We can now ask our model to think like Immanuel Kant:

In [28]:
fill_mask("Human thinking involves human <mask>.")

[{'score': 0.040765952318906784,
  'sequence': 'Human thinking involves human reason.',
  'token': 393,
  'token_str': ' reason'},
 {'score': 0.017752638086676598,
  'sequence': 'Human thinking involves human conceptions.',
  'token': 605,
  'token_str': ' conceptions'},
 {'score': 0.01720724254846573,
  'sequence': 'Human thinking involves human understanding.',
  'token': 600,
  'token_str': ' understanding'},
 {'score': 0.013491691090166569,
  'sequence': 'Human thinking involves human experience.',
  'token': 531,
  'token_str': ' experience'},
 {'score': 0.012612631544470787,
  'sequence': 'Human thinking involves human time.',
  'token': 526,
  'token_str': ' time'}]

The output will likely change after each run because we are pretraining the model from scratch with a limited amount of data. However, the output obtained in this run is interesting because it introduces conceptional language modeling.

In [29]:
fill_mask("How human show love <mask>.")

[{'score': 0.013027912005782127,
  'sequence': 'How human show love reason.',
  'token': 393,
  'token_str': ' reason'},
 {'score': 0.012774677015841007,
  'sequence': 'How human show love is.',
  'token': 300,
  'token_str': ' is'},
 {'score': 0.012741762213408947,
  'sequence': 'How human show love,.',
  'token': 16,
  'token_str': ','},
 {'score': 0.010261932387948036,
  'sequence': 'How human show love conceptions.',
  'token': 605,
  'token_str': ' conceptions'},
 {'score': 0.008668892085552216,
  'sequence': 'How human show love itself.',
  'token': 500,
  'token_str': ' itself'}]

In [30]:
fill_mask("What is wealth of nations <mask>.")

[{'score': 0.02068767324090004,
  'sequence': 'What is wealth of nations reason.',
  'token': 393,
  'token_str': ' reason'},
 {'score': 0.018951253965497017,
  'sequence': 'What is wealth of nations conceptions.',
  'token': 605,
  'token_str': ' conceptions'},
 {'score': 0.008094606921076775,
  'sequence': 'What is wealth of nations conception.',
  'token': 418,
  'token_str': ' conception'},
 {'score': 0.007942058145999908,
  'sequence': 'What is wealth of nations experience.',
  'token': 531,
  'token_str': ' experience'},
 {'score': 0.00781000591814518,
  'sequence': 'What is wealth of nations unity.',
  'token': 688,
  'token_str': ' unity'}]

The predictions might vary at each run and each time Hugging Face updates its
models.

However, the following output comes out often:

```
Human thinking involves human reason
```

**The goal here was to see how to train a transformer model.
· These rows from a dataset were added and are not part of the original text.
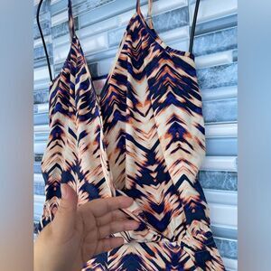 Parker Silk Romper Zig Zag Chevron Orange Blue Size Extra Small V Neck in excellent condition 100% silk have pockets
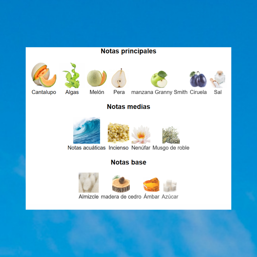 Notas de Salida: Cantalupo, algas, melón, pera, manzana, ciruela y sal.
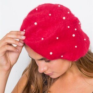 RED fuzzy beret detailed with faux pearls
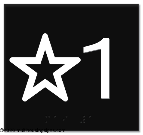 , raised characters, including the star, shall be white on a black background. The Braille translation for the star shall be "MAIN."
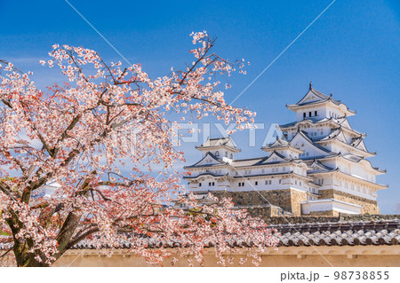 (兵庫県)世界遺産 姫路城 満開の桜、西の丸から望む天守
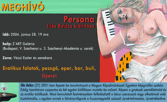 Hétfõn hét órakor a Z" Art Galériában nyílik meg a huszonhét éves festõmûvész elsõ kiállítása. Erotikus falatok, pezsgõ, eper, bor, buli. Zenél: Váczi Eszter és barátai. Izgalmas médiaesemény! Gyere!
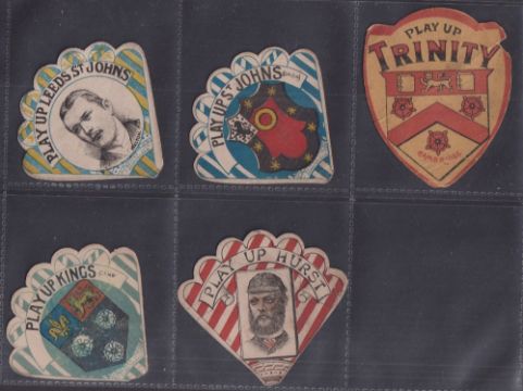 Trade cards, 5 shaped cards, three published by Baines, 'Play-Up Leeds St Johns' with Walton inset, 'Play-Up St Johns' (Oxon) & 'Play-Up Kings' (Camb), sold with two other shaped cards, Queen's Varieties Card for 'Play-Up Hurst' & Percy Priestlay of Millom 'Play-Up Trinity' (Cambridge) card (all with some faults, fair/gd). From the Phil Martin Collection.
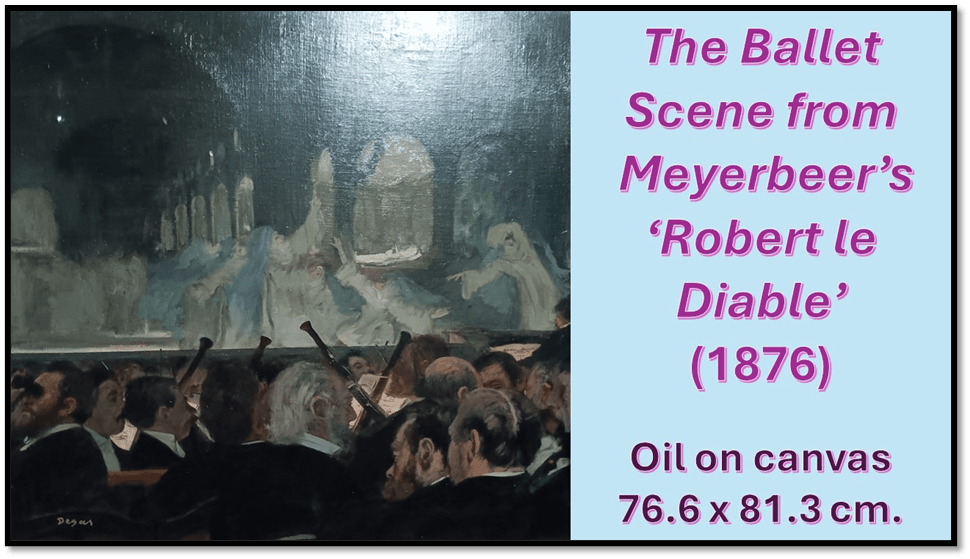 I meant to ask the question in the collage about whether curatorial matters ‘matter’, for when the curatorial focus is like this, we need to find a way of seeing the collection in alternative ways . And this exhibition obliges because nowhere, other than in the reserved areas I refer to earlier, does it actually spend most time in the retail of information on matters exclusively about the collector’s role in the production of great art. It can be safely ignored, as I ignored it, and the exhibition remain well above expectations of it. Instead we can follow the Degas timeline with interest. But if you think like me, you will have to bite your lips as you learn more about pictures that seem a kind of miraculous achievement, such as the early painting near the entrance, borrowed from the Victoria and Albert museum, The Ballet Scene from Meyerbeer’s ‘Robert le Diable’ (1876).
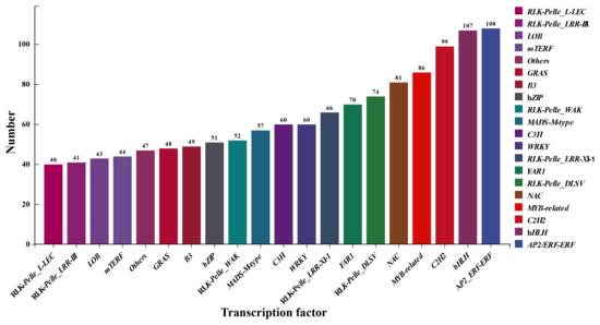 To further investigate the cold tolerance mechanism of peach flower buds, We conducted comprehensive predictions on two varieties of peach buds. The prediction results showed that the top three transcription factor families with the most annotations were AP2/ERF-ERF, bHLH, and C2H2, respectively (Figure 10). The AP2/ERF-ERF family is a crucial transcriptional regulatory family involved in various developmental processes and environmental stress responses across different organisms. Additionally, the bHLH family is widely recognized as a significant transcriptional regulator in plant growth, development, and environmental response. The C2H2 family has also been demonstrated to have a key role in numerous organisms. These findings provide valuable insights for exploring the molecular mechanism underlying cold resistance.
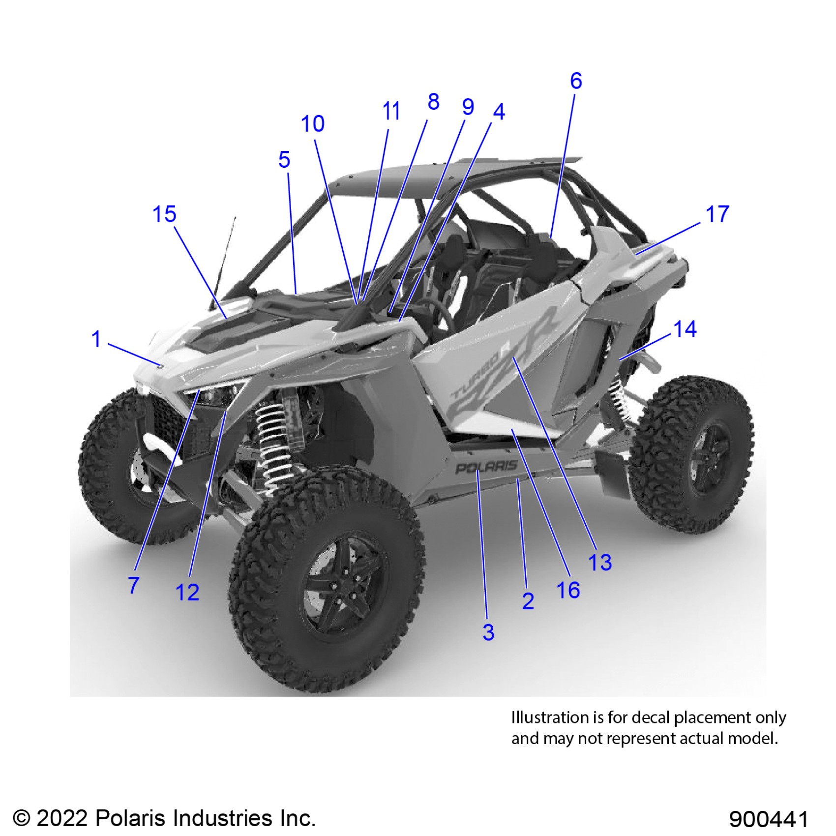 Polaris RZR TURBO R ULTIMATE (R04) - Z22GAL92AG/AL/BG/BL BODY, DECALS, STANDARD - Z22GAL92AG/AL/BG/BL (900423) Diagram
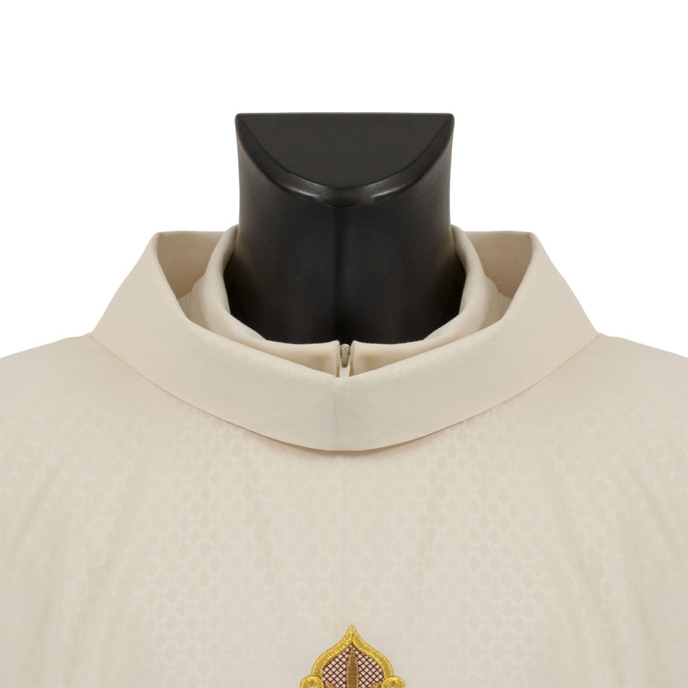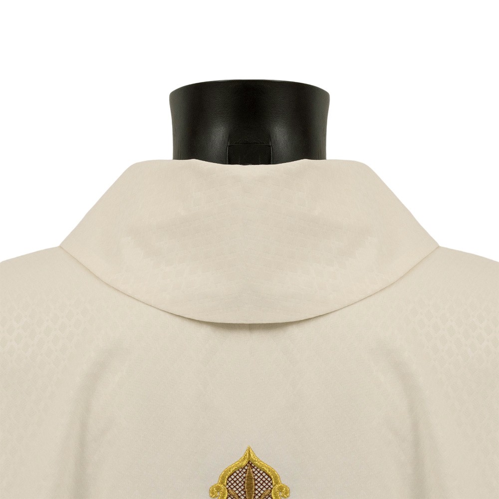 Casula liturgica con collo ad anello e ricamo diretto sul mantello.
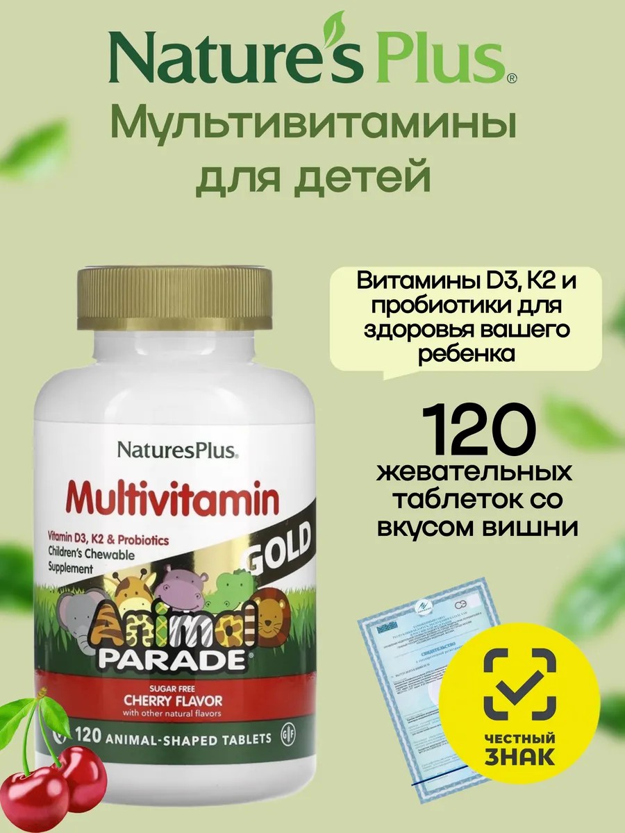 NaturesPlus, Source of Life, Animal Parade Gold, жевательная добавка для детей с мультивитаминами и минералами, натуральный ароматизатор со вкусом вишни, 120 таблеток в форме животных.
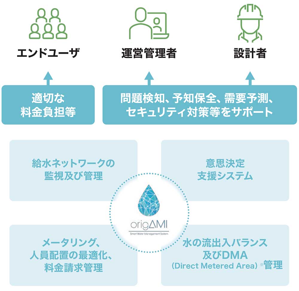 配水システムのモデリング、監視、制御を実現したスマートウォーターマネジメントシステム「origAMI」を開発し、NTTデータのIoT技術と融合することで、限りある水資源を適切に管理し、安全な水の確保と供給を持続的に実現しています。
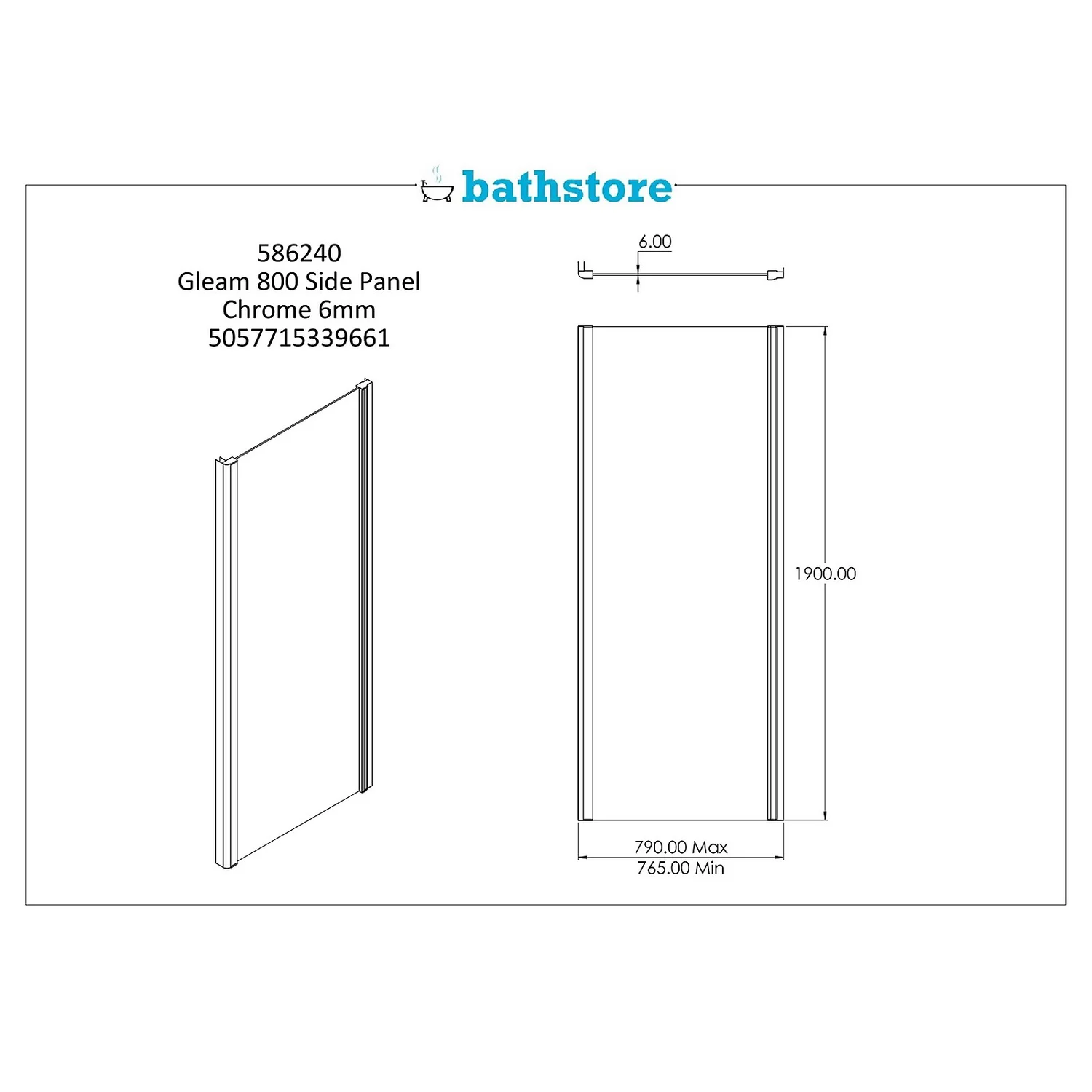 This 800mm Side Panel is compatible with any of our Gleam Hinge and Sliding Doors.

We can see that very interesting humanlike predictions can be made.**

These results are experimental and subject to variations during the training process. They will change each time we train the model again.

The model would require much more data from other `Age of Enlightenment thinkers`.

**However, the goal of this model is to show that we can create datasets to train a transformer for a specific type of complex language modeling task.**

Thanks to the Transformer, we are only at the beginning of a new era of AI!